11 The appellate court is then at large to disregard his findings on fact, even though based on credibility, in whole or in part according to the nature of the misdirection and the circumstances of the particular case, and to come to its own conclusion on the matter.”


[6] The factors mentioned in paragraph [4.2] above were taken into account by the court a quo in its judgment. Therefore, it committed no misdirection of facts.


[7] In assessing quantum of damages, it mentioned few previous awards in its judgment and the reasons for the order, of which I do not intend to repeat same herein. However, it appeared that it relied more on Bentley and Another v McPherson2, where the court awarded R15, 000.00 in 1999 to a 45 - year - old woman, who spent nine and a half hours in detention.

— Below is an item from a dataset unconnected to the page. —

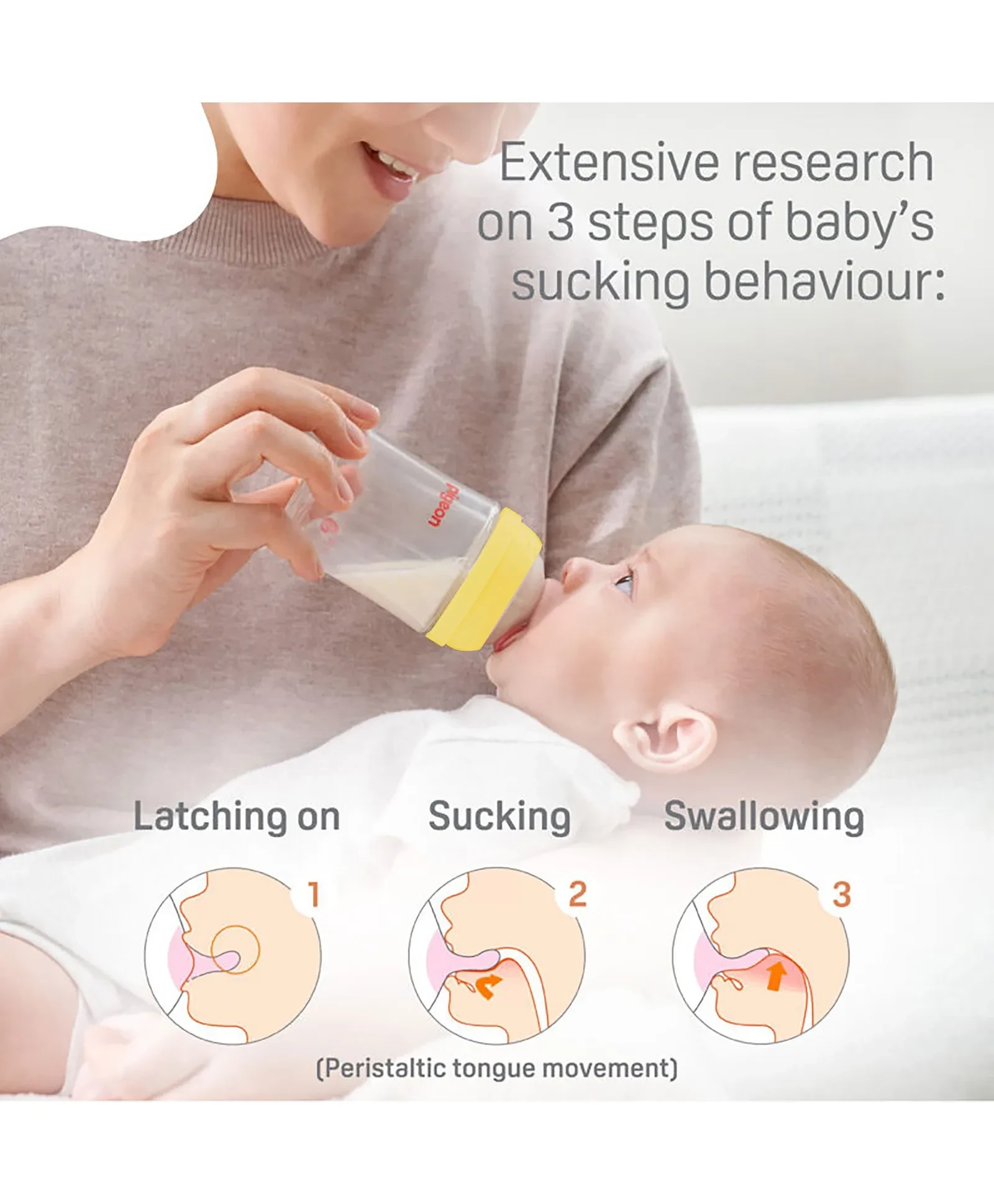 2. Product facilitates the three key steps of a baby's sucking

[8] The appellant in her heads of argument on appeal submitted that R80,000.00 was an appropriate amount for damages to be awarded for spending six and a half hours in detention. She referred to few previous awards in motivation for the said amount. In my view the personal circumstances of the claimants in those previous awards are not similar to her personal circumstances. Therefore, those previous awards are not comparable to the present appeal. The amount of R80,000.00 is not justified in the circumstances of this appeal.


[9] The court a quo was correct in placing its reliance on Bentley supra because the duration of the time spent in detention is quite close to the time the appellant spent in detention. However, it overlooked the fact that the monetory value of the R15,000.00 awarded in Bentley supra has increased to R50,000.00 in 2023. It committed a misdirection in this regard, and therefore, this Court is entitled to interfere.


[10] The inflation rate between 1999 and 2023 was 248,42%. If the award of R12,000.00 was made in 1999, its monetary value in 2023 would be R41,810.26. In my view, the court a quo should have awarded this amount for damages.


ORDER


[11] The following order is made:


  1. The appeal is upheld.

  2. The order of the court a quo is set aside and replaced with the following order:


(a) The defendant shall pay R41,810.26 to the plaintiff for damages for

unlawful arrest and detention.


(b) The defendant is ordered to pay the costs of the action, including

counsel’s costs.”



_____________________

MMP Mdalana-Mayisela J

Judge of the High Court

Gauteng Division




______________________

JJ Strijdom J

Judge of the High Court

Gauteng Division



(Digitally submitted by uploading on Caselines and emailing to the parties)




Date of delivery: 11 March 2024



Appearances:


On behalf of the Appellant: Adv A P Billings

Instructed by: Wits Law Clinic


On behalf of the Respondent: No appearance


1 [1948] 2 ALL SA 566 (A); 1948 (2) SA 677 (A).